The sigh of her heart was sincere,
When blushing she whisper'd her love,
A sound of delight in my ear;
Her voice was the voice of a dove.
Ah! who could from Phillida fly?
Yet I sought other nymphs of the vale,
Forgot her sweet blush and her sigh!
Forgot that I told her my tale.

In sorrow I wish'd to return,
And the tale of my passion renew;
Go, Shepherd, she answer'd with scorn,
False Shepherd, for ever adieu!
For thee no more tears will I shed,
From thee to fair Friendship I go;
The bird by a wound that has bled,
Is happy to fly from its foe.

"What can she find so affecting in those lines?" thought Colonel Desmond, as he marked Adelaide's changing countenance. Memory had raised the shades of departed joys, which appeared in her eyes not clad in their original brightness, but wrapped in sorrow's watery veil; reason quickly bade them be gone, but not ere her attentive observer had marked their shadowy footsteps as they crossed her brow. When she looked up, his penetrating glance read her mind, and expressed his own. She painfully felt her heart was open to his view, that there was now no retreat, and therefore calmly said to Melicent, "I agree with you, Miss Desmond, the feelings of Phillida are perfectly natural." "But," interrupted Colonel Desmond, in a tone and manner not to be mistaken, "don't you think, that though she might turn in scorn from the unworthy object of her first attachment, she might solace her wounded heart by admitting the love of another?" "Never!" replied Adelaide: "even in endeavouring to view him with indifference, her mind must have been too long filled with his idea, not to feel the impossibility of its ever being possessed by a second choice." Colonel Desmond knew the human heart better, and flattered himself, not unjustly, that if he had patience to play the friend, and did not too quickly assume the lover, he might imperceptibly win her regard in that character.
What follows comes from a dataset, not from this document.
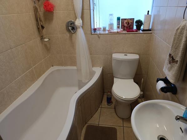 Family Bathroom: Tidy bathroom with a bath, shower-over-bath, toilet, and basin.
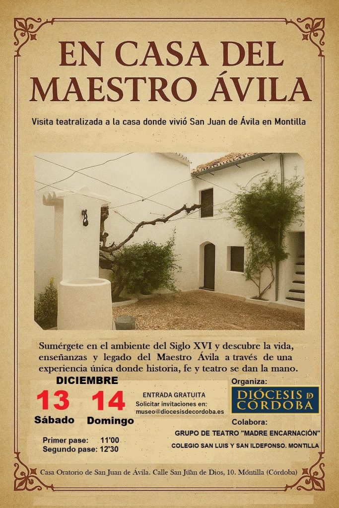 Los días 13 y 14 de diciembre, la casa donde vivió San Juan de Ávila volverá a cobrar vida gracias a la visita teatralizada “En Casa del Maestro Ávila”, una propuesta que transforma la tradicional lectura musical de textos del Santo en una experiencia inmersiva que nos llevará al siglo XVI y a los personajes que llegaban a Montilla atraidos por su palabra y su magisterio. Una oportunidad única para redescubrir la figura del Maestro Ávila en el mismo lugar donde escribió, enseñó y dejó una profunda huella espiritual. .

He was not hurried away by the imprudent warmth of feeling, which would have deprived a younger man of his self-possession, but determined to destroy the impression of what the seriousness of his looks and tones had conveyed to her mind; and therefore with apparent carelessness, asked her how she liked Ireland. This question a stranger is plagued with in every company, from the day he lands in that country till the one he leaves it; which with its twin tormentor, "Do you like England or Ireland best?" serves to commence that sort of conversation, which begins in Great Britain with observations on the weather. By the way, it is strange that no moralist has ever remarked how providential it is, that the climate of this latter island is so variable, considering the propensity its inhabitants have to talk of it. It certainly affords a beautiful illustration of the doctrine of compensation.

But to return to our friend Desmond:—he was too well bred to have asked such an unfair question, had he not been completely distrait. When the mind is absent without leave, the deputy it leaves behind to secure its unmolested retreat most resembles that apish faculty, memory, and mechanically imitates the manners, and repeats the phrases of others. Adelaide, more embarrassed, though not so distrait as her interrogator, replied, that she was even more pleased with the country than she had expected to be from the favourable picture held forth in some late publications. He agreed to the justice of these representations; while his brother, happening to hear him, was nettled, to the quick, and abruptly said, "Not a bit like, Ned; quite too ridiculous." "But, my dear Harry, there is nothing in the world so tiresome as direct panegyric; you must allow a little for the malice of human nature, to make an individual or a national character loved, its virtues must be relieved by its foibles." "I'll tell you what, Ned, the devil a good there is in dressing us up in a fool's cap and bells, to make a set of fat English squires laugh who have eat themselves stupid." "How can you be so illiberal, brother? That des——"—"By the piper that danced before Moses," interrupted the elder Desmond; "it's themselves that's illiberal.—There's the two Webberlys, and that airified nephew of my wife's, mocking us all, by the Lord! and all the time of tea, and while Milly was playing on the forte, they were laughing as if their sides would burst. I'm bothered from the head to the tail with them, that's the truth of it. But come, Miss Wildenheim, a tune from you would save any man from being in a passion—give us 'God save the King,' and that will remind me that I ought to comport myself as becomes a peaceable subject."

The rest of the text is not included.